Internal Control System
An adequate system of internal controls reduces exposure to business, financial, and accounting risks, with the following elements:
Authorization, Approval, and Accountability: Transactions are authorized by person(s) with delegated approval authority, with sufficient explanations and documentation to support post authorization review and audit. Unauthorized transactions are identified and central departments are informed if a loss of University assets or any material irregularity occurs.
Documentation of and adherence to policies, guidelines, and procedures, and the terms and conditions of gifts, grants, and contracts: University, department, and sponsor policies, procedures and restrictions are formalized and communicated to employees. Documentation and accessibility helps provide day-to-day guidance to staff and will promote continuity of activities in the event of prolonged employee absences or turnover. Adherence requires active promotion by management and empowerment of staff to escalate issues of non-compliance.
Physical Security: Cash, inventories, equipment, and other property are secured physically, counted periodically, and compared with control records; safeguards are provided for the loss or unauthorized use of University assets, including data.
Proper Management of Expenses: Expenses are monitored and controlled.
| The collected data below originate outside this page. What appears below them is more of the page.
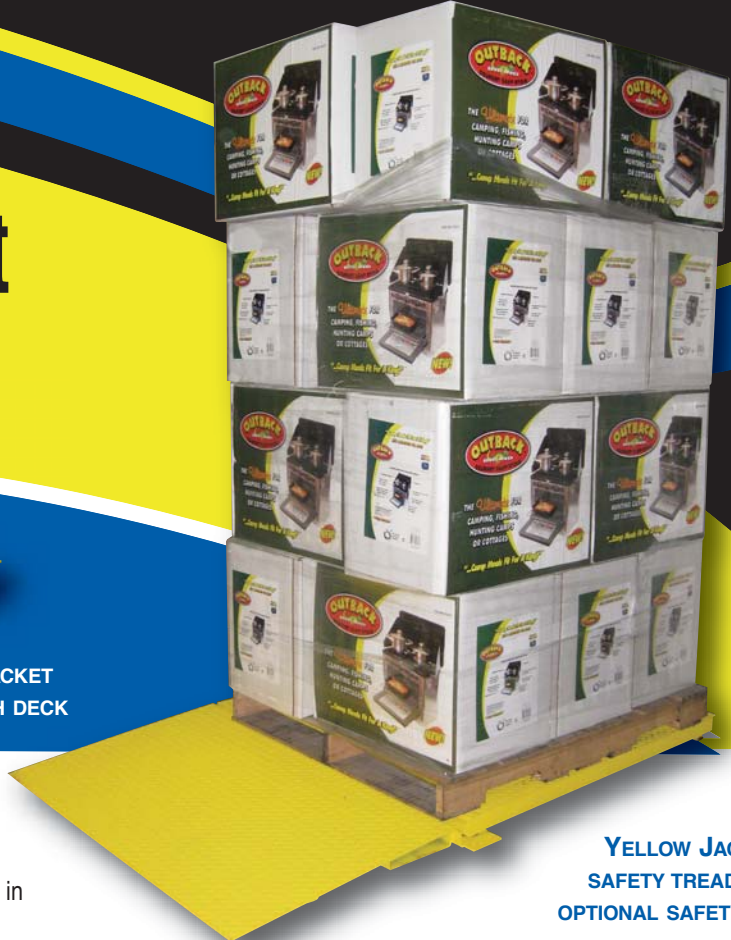
YELLOW JACKET WITH SAFETY TREAD DECK AND OPTIONAL SAFETY TREAD RAMP

The Yellow Jacket Floor Scale is finished with a safety yellow powder coat paint that is easy for forklift operators to see, even in low-light warehouse environments. The scale is constructed of durable Type A36 carbon steel and has a unique multi-ribbed understructure support design, made to provide years of uninterrupted and accurate performance.
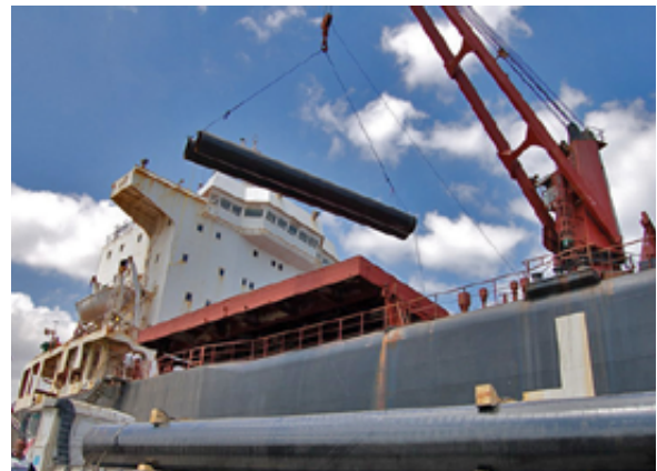
Pipe unloading for Arabic Gas Pipeline Project, Tartus

In 2015, Syria produced an estimated 111,600 barrels of refined petroleum products per day, yet consumed approximately 134,000 barrels per day in 2016. As of 2017, it produced approximately 3.74 billion cubic m (132 billion cubic ft) of natural gas per day and consumed approximately the same amount. As of 2018, Syria's crude oil reserves were numbered at 2.5 billion barrels and its natural gas reserves estimated to be 240.7 billion cubic m (789.7 billion cubic ft). Those amounts are significantly smaller than the reserves of its neighbor Iraq and its ally Iran. 51 Most of the country's power stations use natural gas and most known oil reserves are located in the east, near its border with Iraq. 52, 53, 54
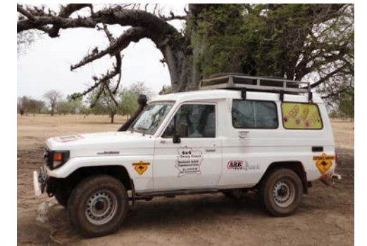
A FISA First Intervention Vehicle at the 2013 edition of the Rallye Bandama Côte d'Ivoire.

Fédération Ivoirienne de Sport Automobile
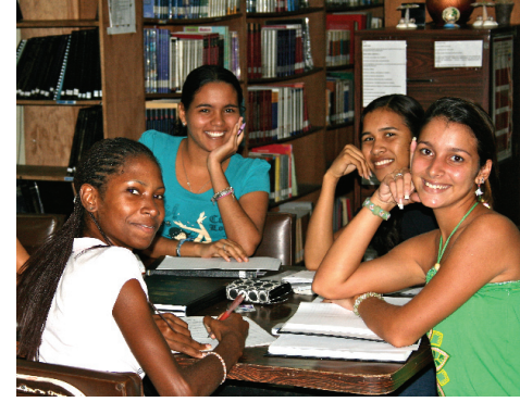
Instituto Universitario de Barlovento students studying in the library

Persons interested in meeting the visiting students should contact the Stone Center at (919) 962-9001. ■
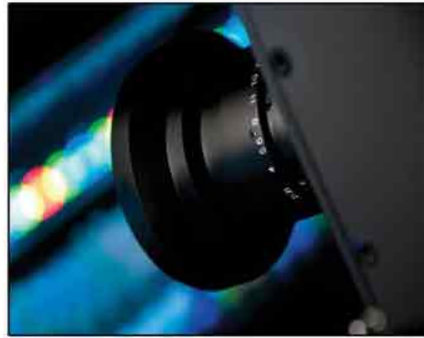
New high resolution full color cameras
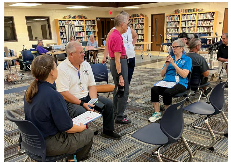
Waiting for the kiddos to show.
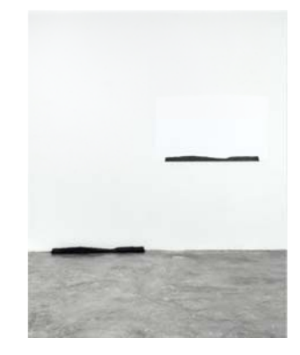
LEFT: Installation view of Foundation I , 2017. Solid graphite, 44 x 3 3/4 x 2 3/4 inches. RIGHT: Installation view of 1:1 Foundation I, No. 1 (rear profile) @The Drawing Center, 2017. Graphite pencil on paper, 32 1/8 x 42 inches.
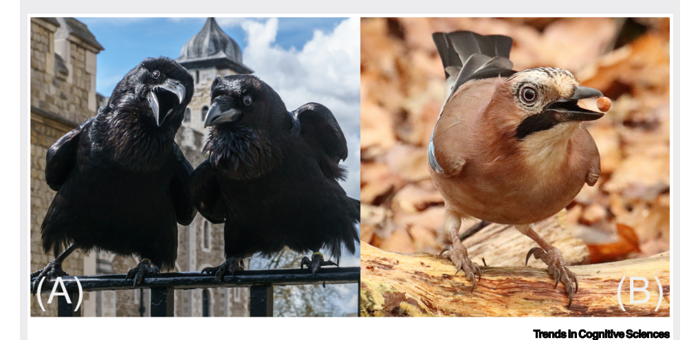
Figure I. Two Corvid Species Commonly Used in Comparative Cognition Research. (A) Ravens; (B) Eurasian jay.

Selfhood: magpies have passed the mirror-mark test [69]. There is also evidence that corvids recognise that they have different perspectives/desires from others. For example, jays use information from their own experience as a pilferer to make inferences about opportunities for theft by others [74]. Male Eurasian jays (Figure IB) feed their female partner the food she would like to eat, adapting to her changing desires [92]. Further research is required to explore the link between these abilities and self-consciousness.

Comparisons of actual expenses to budgeted amounts are performed on a regular basis, and all significant variances resolved.
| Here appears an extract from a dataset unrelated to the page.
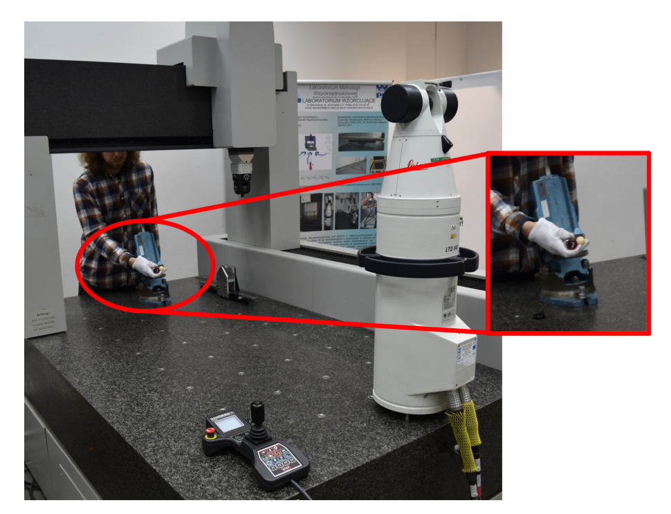
Fig. 2. The research station for form and diameter measurement – Laser Tracking system, reference sphere and its mounting system on CMM table

order to achieve this effect, it was decided that each point in the measurement task will be measured 100 times and then combined in groups so that the difference between the values of the RMS parameter for each of point in measuring task is as small as possible. The methodology described above was applied to both the distance measurement (2 points for measuring task) and the sphere measurement (5 points for measuring task). In the first case, combining the measurement points in a pairs was not a problem and the difference between the RMS parameter values fluctuated from 0 to 3 µm. In the second case, the set of points with the same RMS parameter increased to 5, which made the adjustment more difficult and the differences in the RMS parameter values varied between 0 and 8 µm.
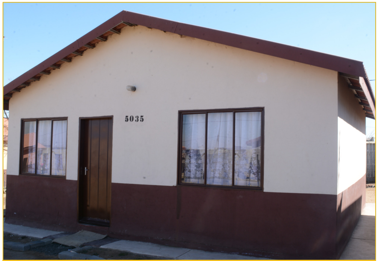
DEVELOPMENT: One of the 200 units constructed at Silobela Township, Carolina.

The ever-increasing population of Silobela a township within the Chief Albert Luthuli Local Municipality benefitted housing units within the township through the Informal Settlements Upgrading Programme. A total number of 200 housing units were constructed at Silobela Extension 2, 3 and 4 with serviced sites, access to water, sewer and road networks. Beneficiaries, were identified through the municipality and the Housing Subsidy System (HSS) for verification and approval, are already occupying their newly built housing units in a formalised settlement. In order to address the Municipal housing challenge the units were constructed under an approved total budget of R25 080 800 and total expenditure

Review and Reconciliation: Routine examination and reconciliation of transaction records to the University books of record is required to verify the accuracy of the records, the appropriateness of the transactions, and their compliance with policy.
Separation of Duties and Monitoring: Financial responsibilities are divided between different people to assure a single person does not perform every aspect of a financial transaction. Segregating responsibilities can reduce errors and prevent or detect inappropriate transactions. Based upon the level of separation of duties, management has the responsibility to monitor financial transactions and balances.
Training and Supervision: Employees receive appropriate training and guidance to ensure they have the knowledge necessary to carry out their job duties. Employees are provided with an appropriate level of direction and supervision and are aware of the proper channels for reporting suspected improprieties.